Ondertussen beoordeelde Grześ gemoedereerd de situatie.

‘Dus?’ vroeg moeder.

Hij ademde diep.

‘Dit is immers maar voorlopig.’

‘Wat is voorlopig?’

‘Ik was juist van plan het allemaal op te vouwen.’

‘En de schoenen?’

Grześ keek met een scheve blik naar zijn bemodderde schoenen. ‘Ik zet ze zo wel weg.’
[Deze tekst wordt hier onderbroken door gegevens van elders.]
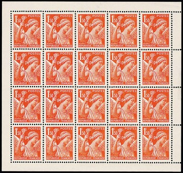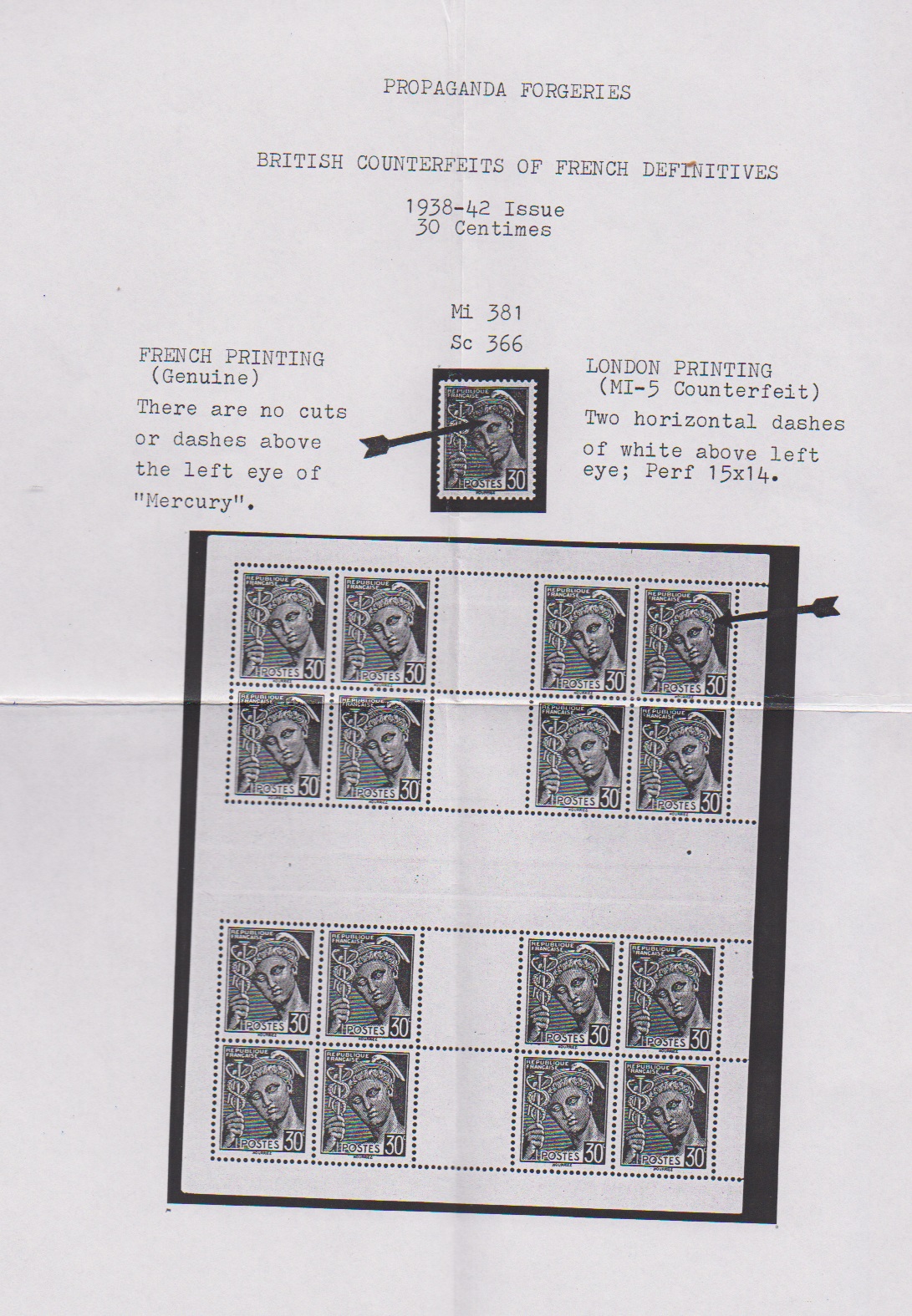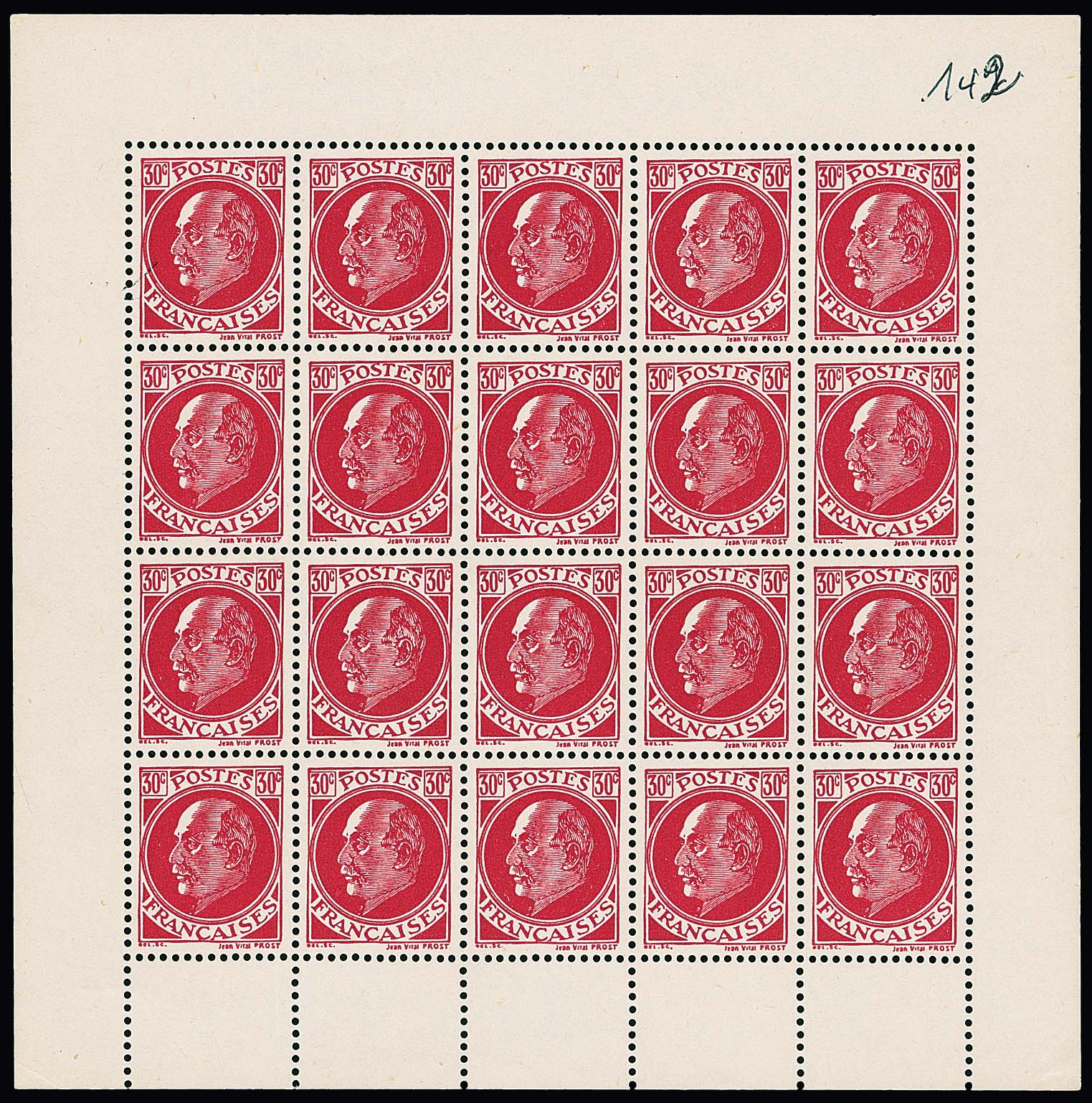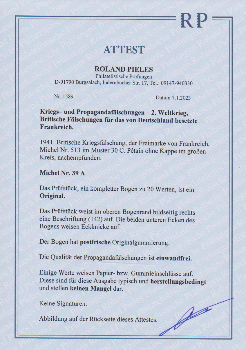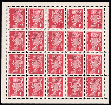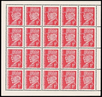 Britische Fälschung für das von Deutschland besetzte Frankreich, 1 Fr. Petain, gezähnt, im kompletten postfrischen Bogen zu 20 Exemplaren (Rand Falzreste), Mi. lose Marken 2000,-, Attest Pieles "einwandfrei"

‘Het komt me voor dat je ze bovendien ook weleens zou kunnen schoonmaken. Wat vind jij?’

Zonder op antwoord van Grześ te wachten deed ze het nachtlampje naast de slaapbank aan, waarna ze het grote licht uitdeed.

‘En een beetje vlot, Grześ,’ zei ze toen ze inmiddels bij de deur stond. ‘Morgen kun je weer niet uit je bed komen. En vergeet je niet te wassen.’

‘En waarin moet ik slapen?’ jammerde Grześ.

‘Hoezo waarin?’

‘Je hebt mijn pyjama toch in de was gedaan.’

Zijn moeder schudde meewarig het hoofd.

‘Weet je dan niet dat er een andere, schone in de kast ligt?’

Onmiddellijk begon Łukasz’ hart sneller te kloppen. De kast! Hoe kon hij vergeten dat in de kast niet alleen zijn spullen lagen, maar ook die van Grześ. Dus hoe moest het nu verder? Wat als Grześ de daarin verborgen vos zag? Natuurlijk zet die het op een schreeuwen en zal de vos schikken en ervan doorgaan. Moet ik hem dan waarschuwen? Maar wie? Łukasz werd overvallen door twijfel. Wie moest hij waarschuwen, Grześ of de vos? Wie moest hij vertrouwen?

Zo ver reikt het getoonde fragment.